1.      By the end of the hearing before us, there were two issues to decide.  The first was whether Ms Koreel had suffered an injury "simpliciter" to her left knee at work on 14 March 2005, or alternatively, whether she had suffered the aggravation of a disease at that time.  For the reasons that follow, we find that Ms Koreel did not suffer either.  

2. When the hearing began, there were two proceedings before us. The first were proceedings N2005/1538 which was the claim for liability pursuant to s 14 of the Safety, Rehabilitation and Compensation Act 1988 (“the Act”) which is summarised above. The second proceeding, N2006/380, was a claim for permanent impairment pursuant to ss 24 and 27 of the Act. That proceeding was withdrawn on 13 November 2007.

THE CASE FOR MS KOREEL

3.      Mr Richards, of counsel, appeared for Ms Koreel.   We understood his first argument to be that an injury does not have to be caused by work, but rather has to occur at work, and in this case the injury was the onset of pain at work on 14 March 2005.  However, we also understood him to retreat from that position and put an argument that "something happened" on 14 March 2005 while Ms Koreel was at work which caused her to feel pain in her left knee.  We understood that this argument accepted that a physical change was required, but that a diagnosis is unnecessary.

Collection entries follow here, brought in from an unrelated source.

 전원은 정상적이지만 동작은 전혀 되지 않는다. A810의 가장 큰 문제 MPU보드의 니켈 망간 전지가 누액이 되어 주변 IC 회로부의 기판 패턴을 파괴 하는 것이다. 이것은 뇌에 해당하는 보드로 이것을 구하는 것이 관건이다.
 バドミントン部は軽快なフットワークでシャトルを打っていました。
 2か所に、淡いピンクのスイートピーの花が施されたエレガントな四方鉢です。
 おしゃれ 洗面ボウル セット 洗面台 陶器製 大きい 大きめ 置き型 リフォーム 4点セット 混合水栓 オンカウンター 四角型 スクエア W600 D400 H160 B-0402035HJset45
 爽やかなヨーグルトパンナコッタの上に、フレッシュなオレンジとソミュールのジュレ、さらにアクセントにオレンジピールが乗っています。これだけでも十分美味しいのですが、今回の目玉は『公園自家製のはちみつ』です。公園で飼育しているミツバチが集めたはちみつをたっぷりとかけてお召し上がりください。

4.      Mr Richards relied on the cases of Canute v Comcare (2006) 226 CLR 535, Kennedy Cleaning Services v Petkoska (2000) 200 CLR 286, Zickar v MGH Plastic Industries Pty Ltd (1996) 187 CLR 310 and Hughes v Australian Postal Corporation [2002] FCA 1645 to support his case. The case of Comcare v Mooi (1996) 69 FCR 439 was also referred to during discussion.

5.      Mr Richards relied on the reports of Dr Rockman, the general practitioner to whom Australia Post referred employees from the facility where Ms Koreel worked, and of Dr Walker, Ms Koreel's treating orthopaedic surgeon.

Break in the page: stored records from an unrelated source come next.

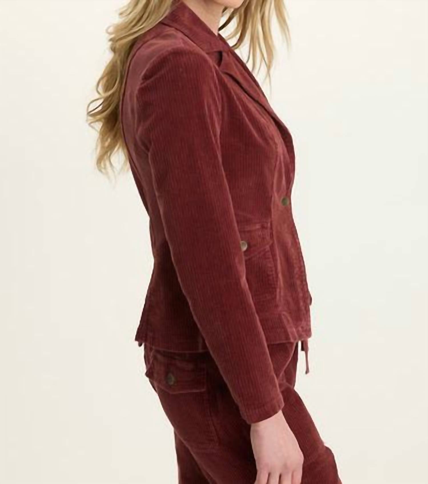 Throw this adorable jacket over just about anything for an effortlessly stylish look. Enhance your fall wardrobe with the Aila Corduroy Casual Blazer by XCVI, crafted for a chic vacation look. This long sleeve jacket is made from Camden Cord with a composition of 98% Cotton and 2% Spandex, featuring a split collar and envelope pockets. The single button closure offers a subtly contoured silhouette, perfect for Thanksgiving gatherings. The dimensions of the blazer include a center front length of approximately 21 inches and center back length of approximately 22 inches in a striking solid Salem's Door red. Care: Machine wash, tumble dry.
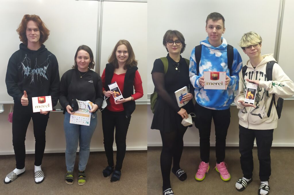 Ve čtvrtek 27. 1. 2022 proběhlo na naší škole školní kolo konverzační soutěže v angličtině pro kategorii IIB, tedy studenty tercie a kvarty. Soutěže se zúčastnilo 12 studentů a v obou jejích částech, poslechu a mluveném projevu, měli všichni velmi pěkné výsledky. První 3 místa obsadily studentky ze třídy G4.A: Vendula Gasiorková – 1. místo
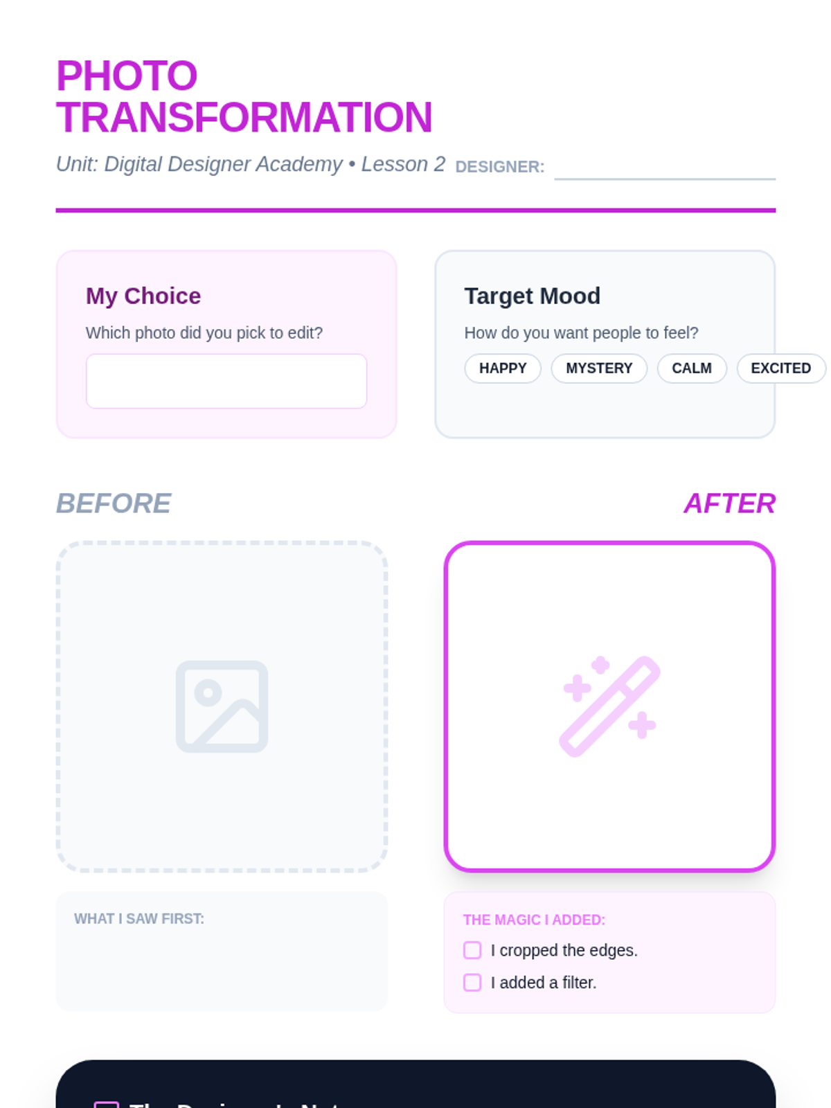 This 2nd-grade sequence introduces students to the fundamentals of digital photography and user interface design. Students progress from capturing and editing clear images to understanding and designing the icons and layouts that make digital apps functional and visually appealing.

6.      The alternative argument which Mr Richards put, somewhat faintly, was that Ms Koreel had suffered an aggravation to patello-femoral disease which was contributed to by her employment.  In support of that argument he relied on the reports of Dr Walker.

7.      Mr Richards specifically abandoned reliance on the report of Dr Endrey-Walder, whose diagnosis of resolving quadriceps bursitis he described as being "out of left field".  We note that neither Dr Walker nor Dr Miniter supported that diagnosis.

8.      We understood Mr Richards to rely to some extent on an earlier injury on 5 January "2003" in support of this argument, although no claim form has ever been submitted in respect of it.  Given that the incident report in relation to that injury is dated and stamped January 2004, we find that the date "2003" written on the document is clearly an error which frequently occurs at the beginning of a new year.

9.      Mr Richards argued that we would have to reject Ms Koreel's evidence to find against her, and find that she had made up everything.

CONSIDERATION

10.     In the Incident Report she filled out on 14 March 2005, Ms Koreel described the nature of the injury as "Ieft knee (pain when standing or walking)".  She described how the accident happened: 

As started sorting the mail pain started then went out for delivery but still feel pain when I came back from my delivery.

11.     On the claim form that Ms Koreel filled out  on 16 May 2005, she described the type of injury as "left knee injury painfull [sic] when get's hot in the back of the knee".  The event said to have caused the injury was:

start sorting mail in V-sort frame, sharp pain started in the knee; Beat No. 4, standing and body pressing on the knee for long hour's.

12.     The first medical certificate was that of Dr Rockman dated 15 March 2005, which provided a diagnosis of contusion/strain left knee.  His report of the same day noted that she felt pain and discomfort while delivering post the morning before and that it occurred throughout the afternoon while she was sorting mail.  His next certificate dated 17 March 2005 gave the diagnosis of Prepatellar Bursitis traumatic and the certificate of 21 March 2005 stated Prepatellar Bursitis.  The report of the examination on that day found no tenderness to palpation and good movements of left knee.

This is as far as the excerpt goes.